Left: Ivan Grubanov, From the 'Smokescreens' series, 2012. Right: Vangelis Vlahos, Foreign archaeologists from standing to bending position, 2012

Ivan Grubanov & Vangelis Vlahos – Current Pasts

Athens Conservatoire - Project Room

Current Pasts is a collaborative project that brings together Greek artist Vangelis Vlahos and Serbian artist Ivan Grubanov; it is a joint presentation of new work by the two artists. In their visual research both focus on an exploration of history and of the role of memory, recording latter-day sociopolitical and historical developments and attempting to offer relevant interpretations. They are often seen to probe their native country’s recent historical past aiming at a reexamination that may yield alternative narratives.

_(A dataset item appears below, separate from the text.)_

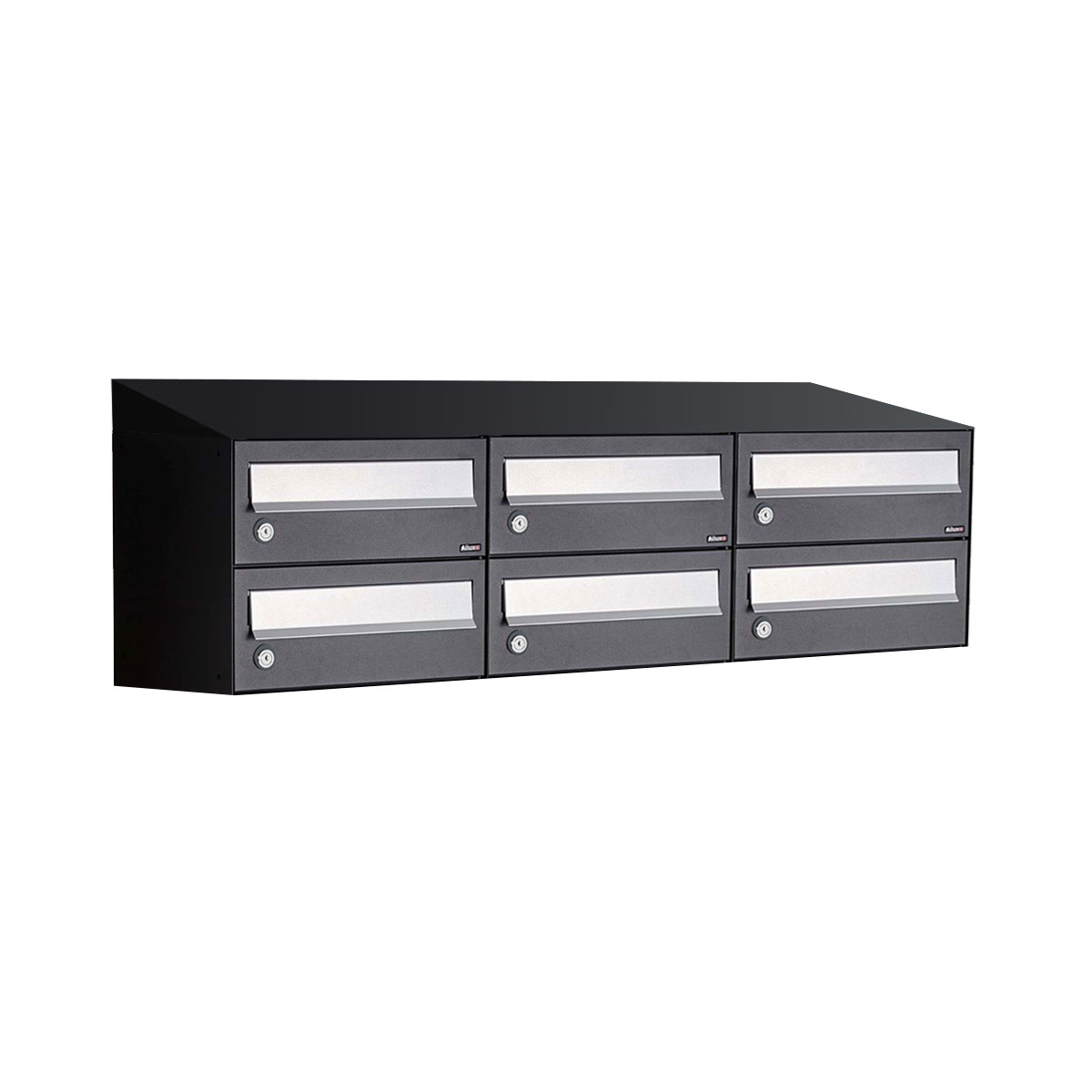 De Allux Hive set 3-breed, 2-hoog met dak zwart is een modulair brievenbussysteem met een snelle levertijd.

Vangelis Vlahos’ Foreign archaeologists from standing to bending position (2012) comprises fifty three portraits of archaeologists who have worked in Greece over the last sixty-odd years, which the artist discovered in the archives of various foreign schools of archaeology that are based in Athens. Vlahos focuses on images whose chronology places them within the bounds of modern Greek history, which depict archaeologists on the job, studying, measuring, examining, surveying the progress of work on the excavations carried out in Greece. The work’s title references the actual flow of the images: the posture of the images’ subjects –from standing erect to bending down to standing upright again– is the basic element upon which a chain of movements is built. In this notion of the foreigner coming to Greece to undertake and supervise work on a certain project Greece’s current status as a nation under scrutiny by foreign technocrats, economists, and politicians is mirrored. Putting together the pieces of Greek history and culture is compared to the country’s contemporary economic restructuring. On the other hand, Vlahos’ work is a study on the nature of the archaeologist’s labor –which is indeed so integral to the meaning of the past itself– as much as it is an evaluation of the weight attached to archaeological sites as signifiers of Greek identity.

Smokescreens (2012), the title of Ivan Grubanov’s new series of drawings, is a military term describing a cloud of smoke used to conceal the movements of troops from the enemy. The visual effect of the drawings is achieved through a use of liquid acrylics to saturate the paper, which is in turn exposed to thick black smoke. Each drawing comes with a short phrase, usually of a sociopolitical content, quotes which the artist has excerpted from the press or from non-institutional blogs, which are in some way related to the current global crisis, and which attest a revolutionary spirit. Moreover, the work’s title can also be seen a comment on the mechanisms of repression used against current expressions of social malcontent, as well as on the tactics of deception political leaders employ to sway public opinion. In this archive of images Grubanov compiles the abstract meets the real, the poetic meets the critical, and the intuitive meets the intentional.

Also featured in the project is Grubanov’s Dead Flags (2011), an installation consisting of the old and faded flags of the communist party in what was formerly the republic of Yugoslavia, as well as those of other former socialist republics, which the artist collected through various institutions for culture and education dating from the days of socialist rule. Over and above its implicit reference to the failure of communist regimes, the work comments on the demise of political ideologies, the inadequacies of contemporary democracy, and the range of possible repercussions these have had. An archaeologist of the present, the artist unearths those long obsolete, ‘buried’ flags in order to reconstruct history and deal with the current crisis.

The two artists offer critical commentary that serves to highlight the complexity of the historical moment, carefully avoiding to take a stance on current events, and seeking instead to make the creative process a vehicle for understanding and to help launch an open dialogue on the issue of politics. The works on show create a platform for debating the relationship between politics and archaeology, starting from classical archaeology in Vlahos’ archive to arrive at Grubanov’s notion of a political archaeology of the present. It is a common repertoire of notions and concerns regarding the relationship of past and present that the two artists seem to tap into, while the title Current Pasts points to how a reading of the present may be possible through the past and history; to the importance no less of history reinvented.